* YOUR ASSIGNMENT *
Repeat the data below exactly, dropping any pictures it holds.

* MATERIAL PROVIDED *
>>>>>
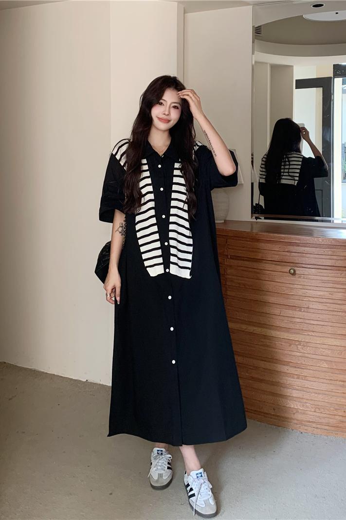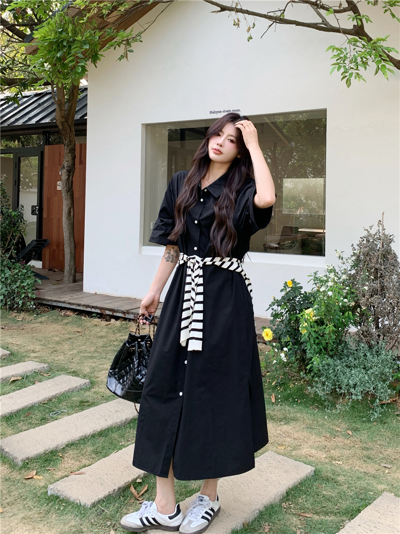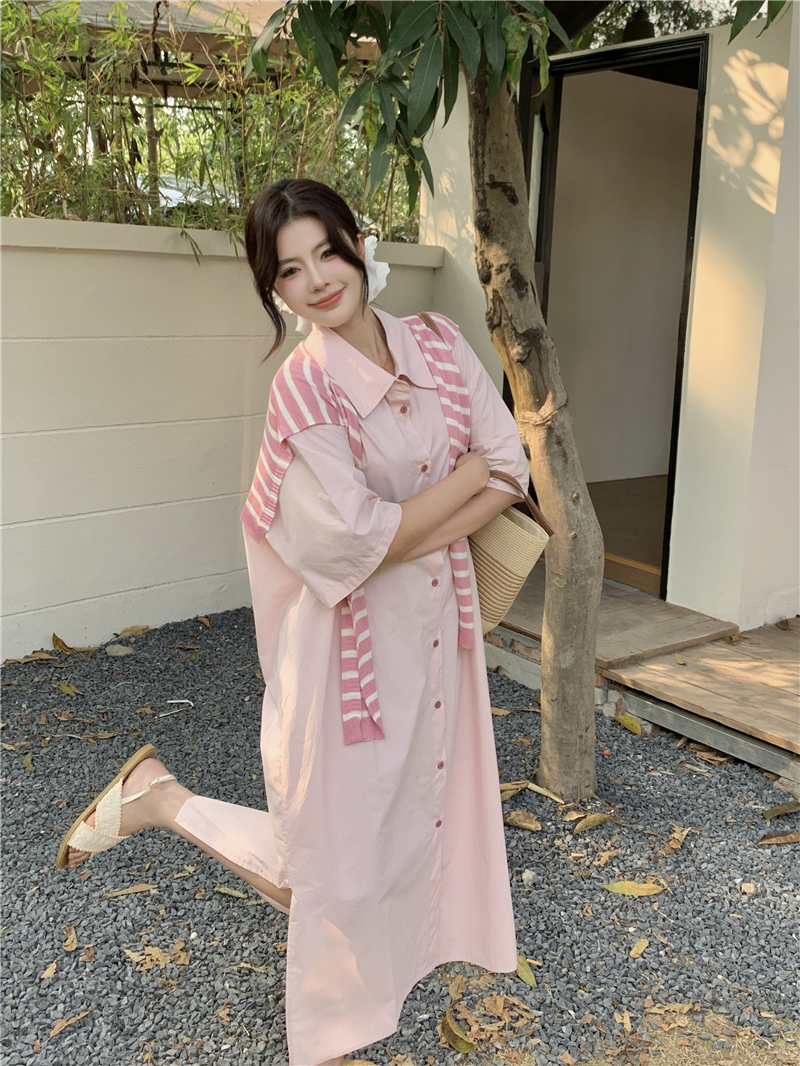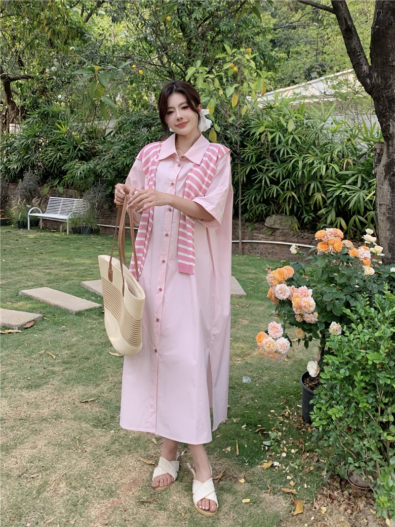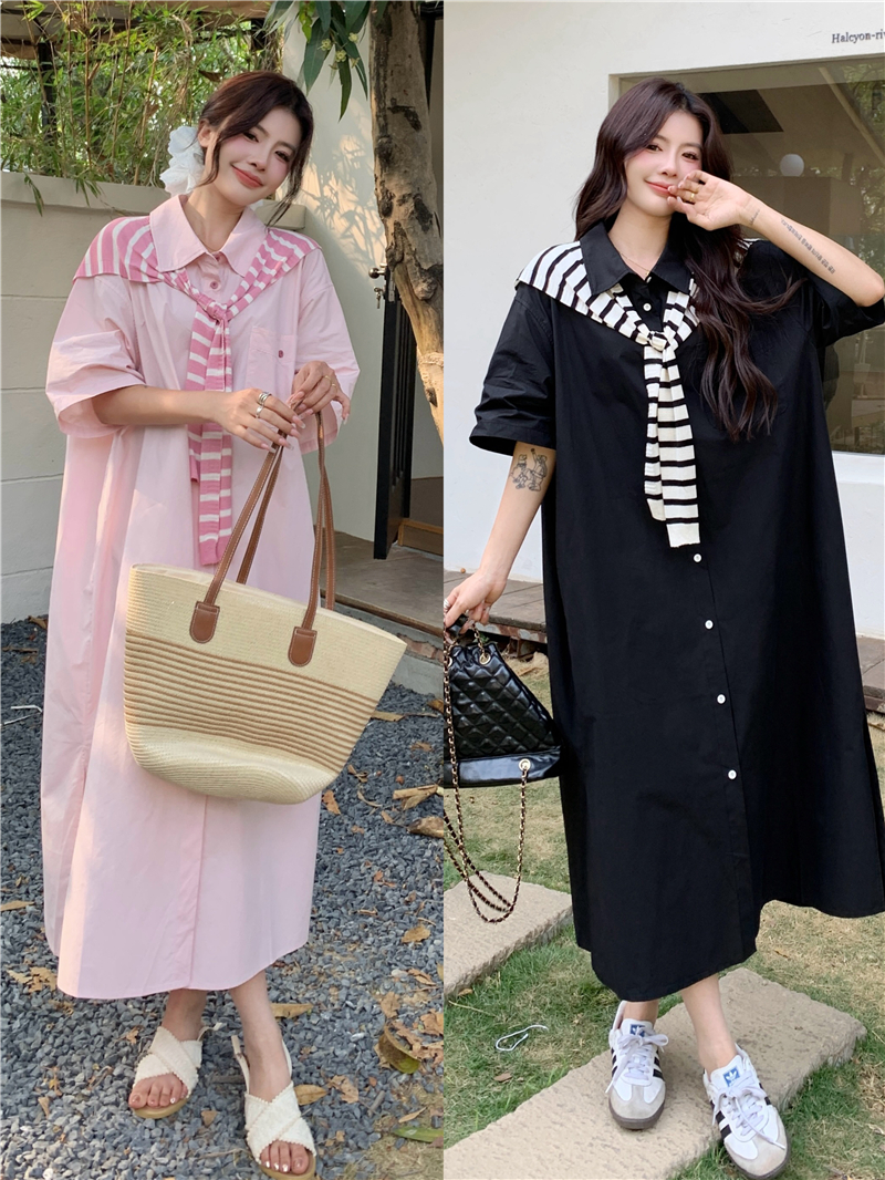 BY11482# 大码女装慵懒高级感休闲宽松遮肉长款衬衫连衣裙配条纹披肩 服裝批發女裝批發服飾貨源
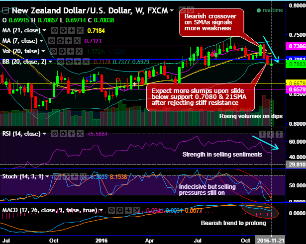 Expect more slumps upon slide below support 0.7080 & 21DMA after rejecting stiff resistance
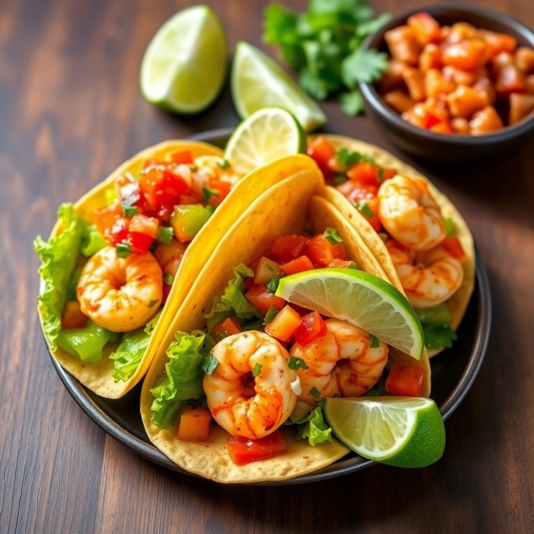 Tacos de Camarones con Salsa de Tomate y Lechuga Fresca
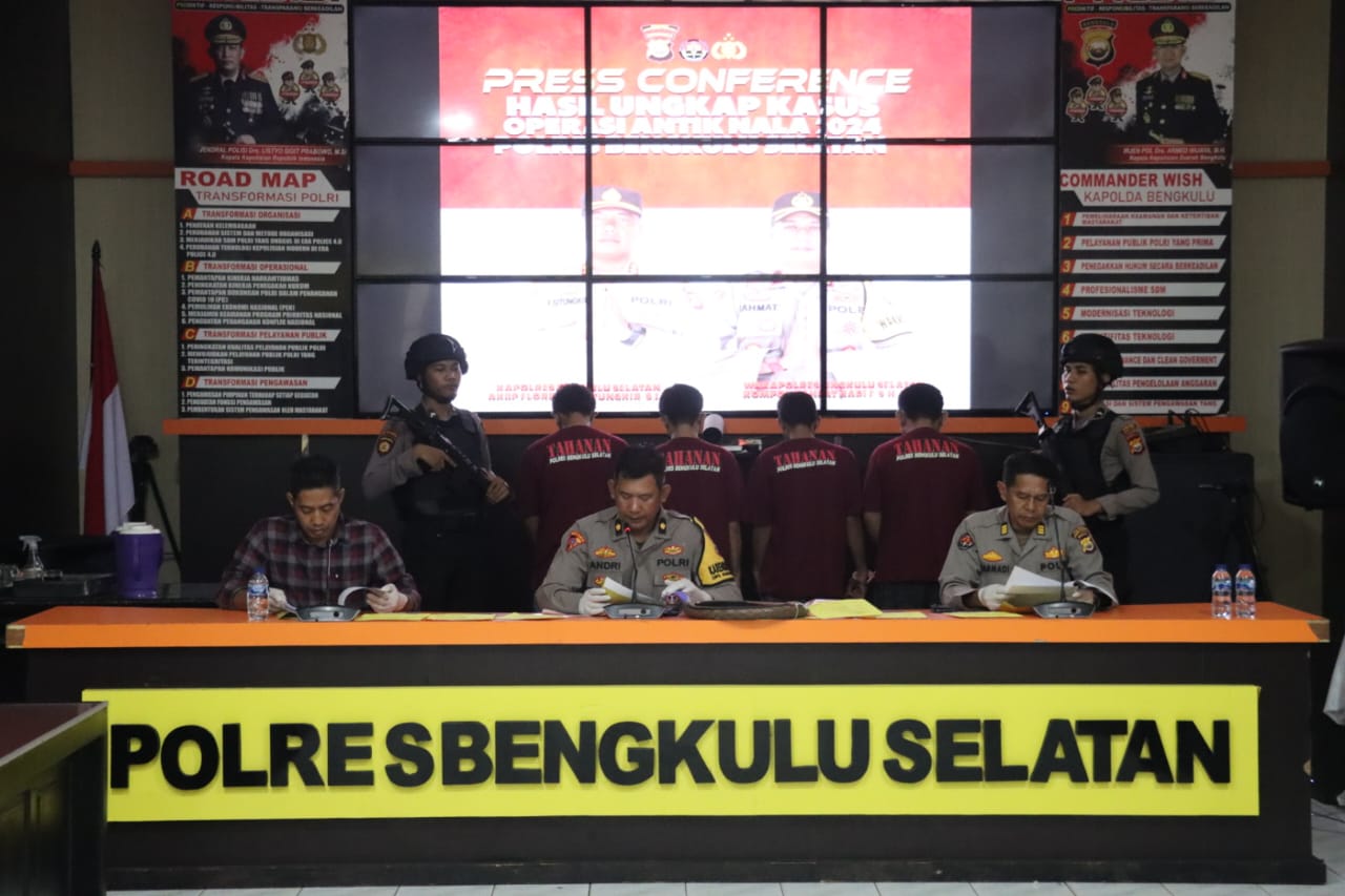 Keempat pelaku tersebut terjaring Operasi Antik Nala 2024 Polres BS Adapun pengungkapan kasus tindak pidana narkoba tersebut disampaikan pada press realese di Aula Comend Center Polres BS, Dipimpin Kapolres BS, AKBP Florentus Situngkir SIK melalui Kabag Ops, Kompol Andri Anwar SH didampingi Kasat Narkoba, AKP Muhammad Taslim dan Kasi Humas, AKP Sarmadi pada Kamis 11 Juni 2024.
<<<<<
* ANSWER FOR THE TASK *
 BY11482# 大码女装慵懒高级感休闲宽松遮肉长款衬衫连衣裙配条纹披肩 服裝批發女裝批發服飾貨源
 Expect more slumps upon slide below support 0.7080 & 21DMA after rejecting stiff resistance
 Tacos de Camarones con Salsa de Tomate y Lechuga Fresca
 Keempat pelaku tersebut terjaring Operasi Antik Nala 2024 Polres BS Adapun pengungkapan kasus tindak pidana narkoba tersebut disampaikan pada press realese di Aula Comend Center Polres BS, Dipimpin Kapolres BS, AKBP Florentus Situngkir SIK melalui Kabag Ops, Kompol Andri Anwar SH didampingi Kasat Narkoba, AKP Muhammad Taslim dan Kasi Humas, AKP Sarmadi pada Kamis 11 Juni 2024.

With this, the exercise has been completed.